• Recorded data:
=== Begin Enclosure ===
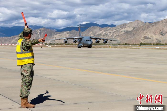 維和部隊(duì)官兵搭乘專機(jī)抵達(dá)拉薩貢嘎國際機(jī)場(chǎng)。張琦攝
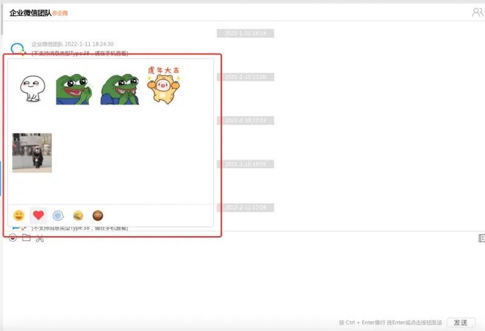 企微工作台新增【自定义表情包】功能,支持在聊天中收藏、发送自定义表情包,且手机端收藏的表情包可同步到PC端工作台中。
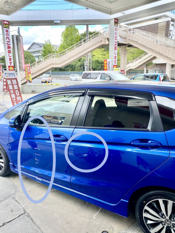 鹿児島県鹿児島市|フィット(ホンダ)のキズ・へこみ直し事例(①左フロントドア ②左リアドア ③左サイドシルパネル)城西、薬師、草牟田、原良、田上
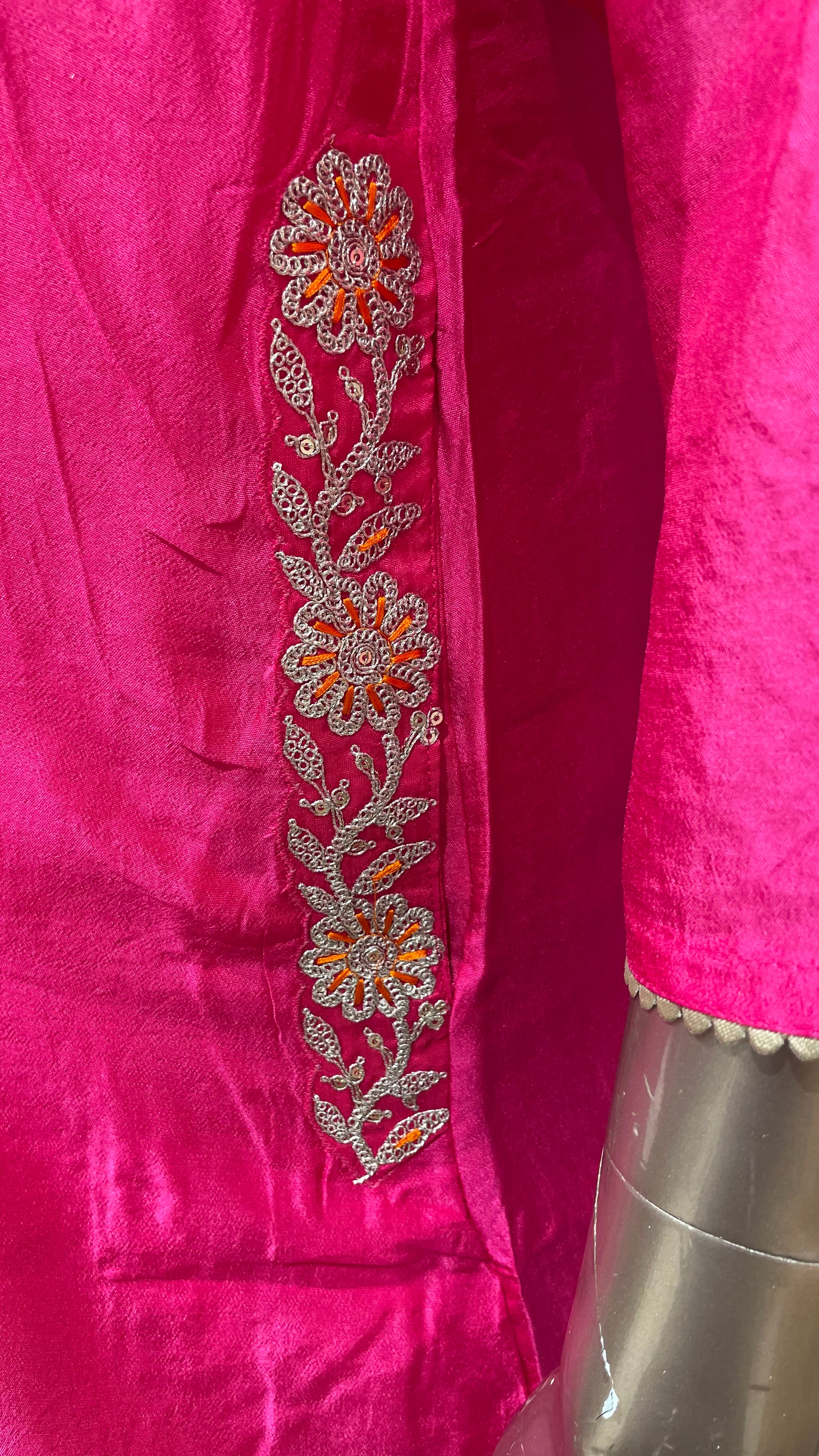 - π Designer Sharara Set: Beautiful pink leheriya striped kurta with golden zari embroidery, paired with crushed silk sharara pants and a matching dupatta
=== End Enclosure ===
• Required action: Return all the lines above exactly; none of the pictures should appear.

• Response to this task:
 維和部隊(duì)官兵搭乘專機(jī)抵達(dá)拉薩貢嘎國際機(jī)場(chǎng)。張琦攝
 企微工作台新增【自定义表情包】功能,支持在聊天中收藏、发送自定义表情包,且手机端收藏的表情包可同步到PC端工作台中。
 鹿児島県鹿児島市|フィット(ホンダ)のキズ・へこみ直し事例(①左フロントドア ②左リアドア ③左サイドシルパネル)城西、薬師、草牟田、原良、田上
 - π Designer Sharara Set: Beautiful pink leheriya striped kurta with golden zari embroidery, paired with crushed silk sharara pants and a matching dupatta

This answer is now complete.